The most likely scenario going forward stitches together these elements, plus two more. China will continue to gain market share and the region will continue to engage it constructively, seeking Chinese trade and investment. Concerns will continue to be raised about trade deficits and about initiatives like the Belt and Road Initiative (BRI).

These concerns will inform RCEP negotiations, which will be completed this year or next. They will also force changes in specific business deals and in the BRI’s governance. The region will deal with remaining concerns by continuing to seek diversity in its economic ties and by socializing CPTPP rules. By the same token, countries in the region will continue outreach to the EU and the U.S. The EU at this point has key trade agreements under its belt with Japan, South Korea, and several others pending or under active consideration. Engaging the EU is essentially pushing on an open door.

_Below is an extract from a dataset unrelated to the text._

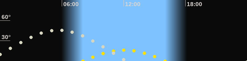 | Höchster Sonnenstand (Kulmination) | 12:03 Uhr (h = 16.2°) |

The U.S. is a different story. At worst, in a phenomenon bigger than the Trump administration, Washington is retreating into an autarkic fantasy world. At best, it wants to drive exceedingly hard bargains. Negotiations with a partner that demand one-sided outcomes are difficult for the region to swallow. The public and contentious way that America’s negotiations have unfolded with China, Canada, South Korea, and Mexico only compound the region’s reluctance.

A U.S.-China agreement is likely, but tensions over trade, especially over the enforcement of any agreement, will persist over the long term. Meanwhile, two things will make an agreement with Japan possible. For the U.S., pressure is increasing from farmers already suffering from the loss of market share in China and competition from exporters benefiting from the CPTPP. On Japan’s part, it wants to stave off new unilateral American tariffs on autos and otherwise keep U.S.-Japan relations on an even keel. Still, there are quite a few hurdles to overcome, over both Japanese negotiators and constitutional procedures in Washington.

The CPTPP and the RCEP are often held up as competing initiatives that will determine the geopolitical shape of the Indo-Pacific. This is not quite the case; countries in the region have an interest in pursuing both. While recognizing that trade agreements only represent part of the economic activity in the region, it is this broader quest for balance that will have a determinative impact.